◆ Your goal:
Keeping pictures out of the copy, restate each record word for word.

◆ Materials provided:
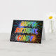 This fun, vibrant, multicolored birthday greeting card design features the message "HAPPY BIRTHDAY," and the common first name "CINDY" with the letters having a colourful rainbow spectrum like gradient colouring pattern. The background of the front also features a colourful bursting fireworks inspired pattern. The inside features a customised greeting message, or could perhaps be cleared and left blank if a message is to be written by hand instead. A greeting card like this might be a fun way to send a personalised birthday message to somebody named Cindy. [~Z0000350]
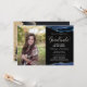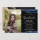 Créez une invitation de graduation mémorable avec ce design avec un élégant noir et bleu avec des accents d'argent.
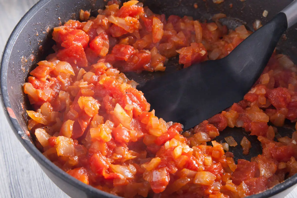 Откройте банку томатов, вылейте в сковороду к луку, обжаривайте на небольшом огне еще 10 минут.
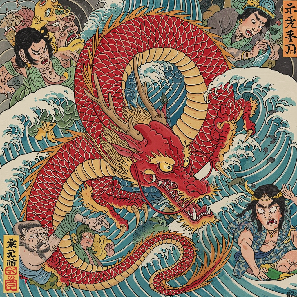 View this AI-generated image featuring a vibrant red dragon dances through swirling ocean waves capturing the essence of neo traditional japanese art its scales shimmer with intricate detail reminiscent of k ji morimoto s imagination while the epic narrative unfolds like a john blanche mural amidst
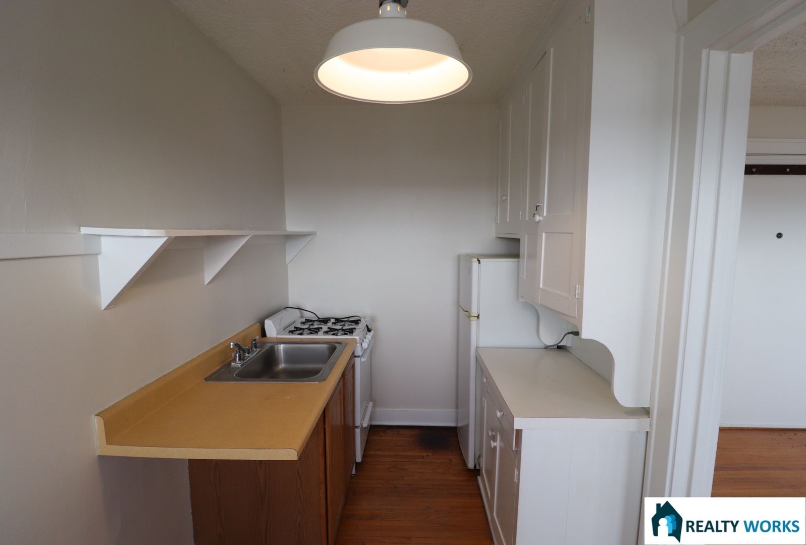 Inside, you'll find hardwood floors and large windows that bring in plenty of natural light. The open layout provides flexibility for arranging your living and sleeping space, while the kitchen offers practical cabinet and counter space for everyday use.

◆ Reply:
 This fun, vibrant, multicolored birthday greeting card design features the message "HAPPY BIRTHDAY," and the common first name "CINDY" with the letters having a colourful rainbow spectrum like gradient colouring pattern. The background of the front also features a colourful bursting fireworks inspired pattern. The inside features a customised greeting message, or could perhaps be cleared and left blank if a message is to be written by hand instead. A greeting card like this might be a fun way to send a personalised birthday message to somebody named Cindy. [~Z0000350]
 Créez une invitation de graduation mémorable avec ce design avec un élégant noir et bleu avec des accents d'argent.
 Откройте банку томатов, вылейте в сковороду к луку, обжаривайте на небольшом огне еще 10 минут.
 View this AI-generated image featuring a vibrant red dragon dances through swirling ocean waves capturing the essence of neo traditional japanese art its scales shimmer with intricate detail reminiscent of k ji morimoto s imagination while the epic narrative unfolds like a john blanche mural amidst
 Inside, you'll find hardwood floors and large windows that bring in plenty of natural light. The open layout provides flexibility for arranging your living and sleeping space, while the kitchen offers practical cabinet and counter space for everyday use.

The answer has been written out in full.